Two Reasons Why Banks Should Promote Financial Literacy


It is not uncommon for people to believe that banks want a financially illiterate consumer base. However, new research indicates that may not be the case.

The World Bank's Financial Inclusion Global Practice has used survey results from the Consumer Protection and Financial Capability (CPFC) to illustrate what the CPFC data can tell us about the association between financial literacy, trust in financial institutions and financial inclusion. The results may surprise you.

You can read the full report by clicking here.

The research indicates two persuasive reasons for financial institutions to support a national movement to bring financial literacy into our classrooms.

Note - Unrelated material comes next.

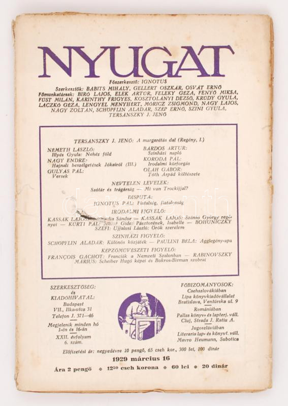 1929 A Nyugat című folyóirat XXII. évfolyamának 6. száma, benne Tersán... https://www.darabanth.com/de/237-Fernauktion/237.0/Andere-Sammelgebiete/Drucksachen~200037/1929-A-Nyugat-cimu-folyoirat-XXII-evfolyamanak-6-szama-benne-Tersanszky-Jeno-Ignotus-NC3~II1048114

1. The higher the level of financial literacy, the more formal financial products and services people use.

2. The number of formal products and services used also increases with the level of trust in financial institutions. Those who do not even know if they trust in banks, are unsurprisingly the ones with the least exposure to financial markets.

Dr. Lusardi and Dr. Mitchell both indicated at the PWC & Knowledge@Wharton seminar this weekend that research indicates just a little bit of financial literacy translates into a 20% increase in someone's net worth over time. That is not to say that if someone receives a financial education they will always make a wise financial choice. As the World Bank points out, almost every smoker knows about the negative effects of smoking. Yet that does not always change their behavior. But that doesn't mean we should stop informing the public of the consequences of smoking cigarettes.